* _RECORDED INFORMATION_:

--------

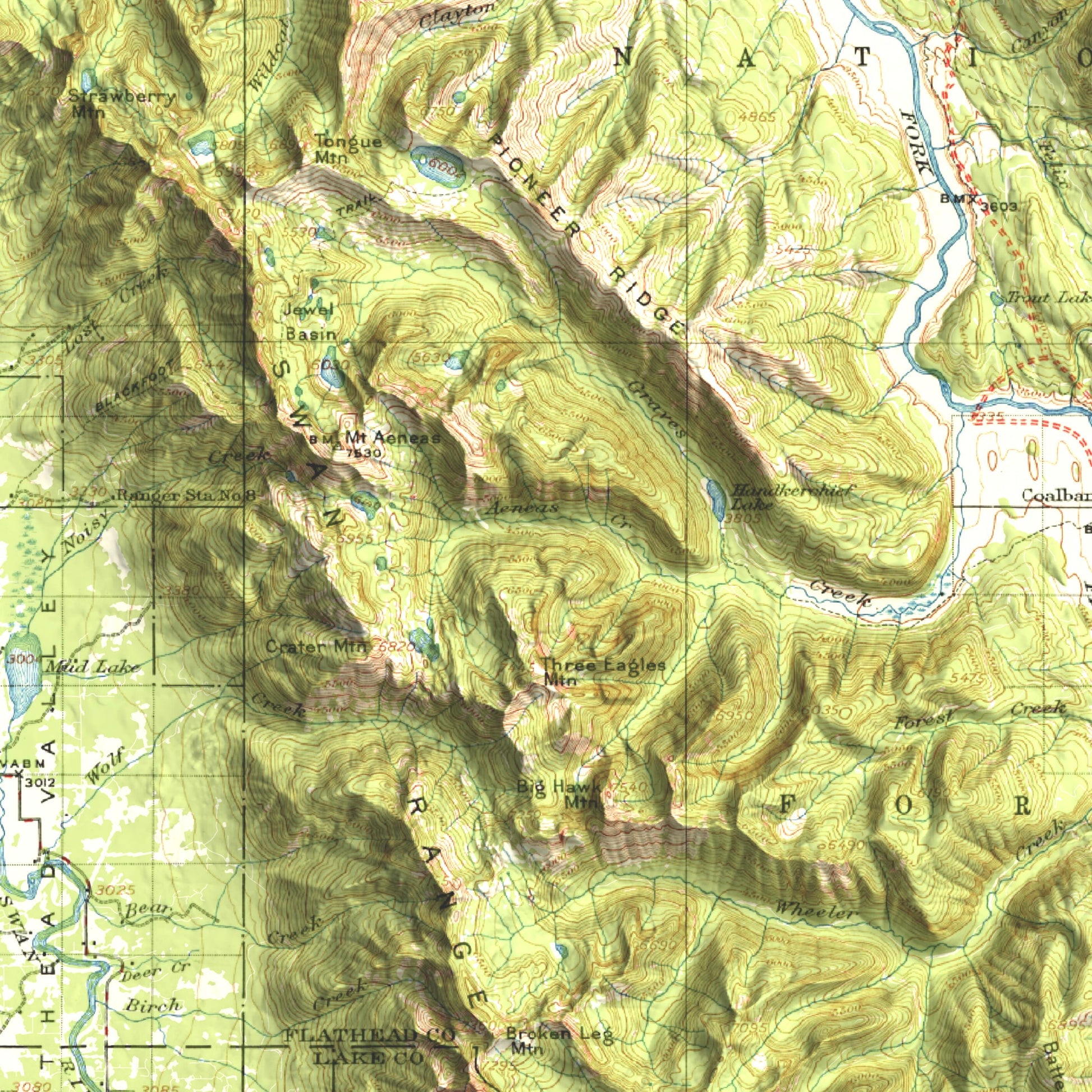 1914 Nyack | Jewel Basin, Flathead Alps & Glacier National Park, MT | 30'x30' Shaded Historic USGS Map
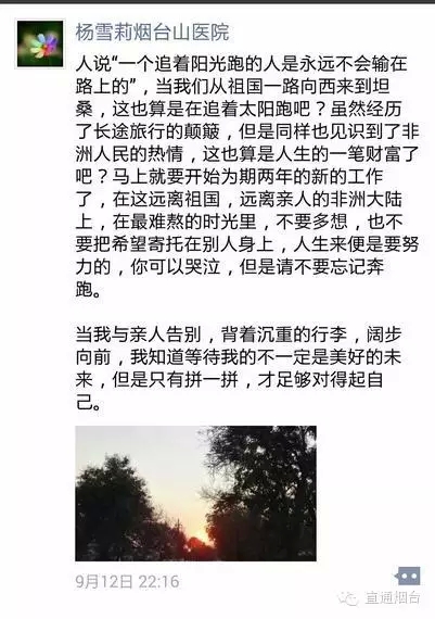 杨雪莉是烟台山医院一名眼科医生。去年8月份,随中国援助坦桑尼亚医疗队赶赴非洲,开始了为期两年的援外医疗工作。时间一晃近半年过去,前几天,记者问起杨雪莉,想家不?在非洲工作生活还好不?她的回答是……
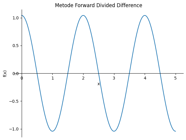 - [30] Gunakan Metode Divided Difference untuk menebak fungsi polinomial yang cocok dengan titik-titik yang telah dihasilkan (bebas menggunakan forward maupun backward)!
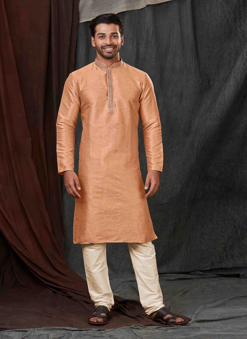 Salmon Orange Jacquard Mens Kurta Pajama Set

--------

* _YOUR ASSIGNMENT_:
What you give back must match the material above exactly, minus its pictures.

* _EXERCISE RESULT_:
 1914 Nyack | Jewel Basin, Flathead Alps & Glacier National Park, MT | 30'x30' Shaded Historic USGS Map
 杨雪莉是烟台山医院一名眼科医生。去年8月份,随中国援助坦桑尼亚医疗队赶赴非洲,开始了为期两年的援外医疗工作。时间一晃近半年过去,前几天,记者问起杨雪莉,想家不?在非洲工作生活还好不?她的回答是……
 - [30] Gunakan Metode Divided Difference untuk menebak fungsi polinomial yang cocok dengan titik-titik yang telah dihasilkan (bebas menggunakan forward maupun backward)!
 Salmon Orange Jacquard Mens Kurta Pajama Set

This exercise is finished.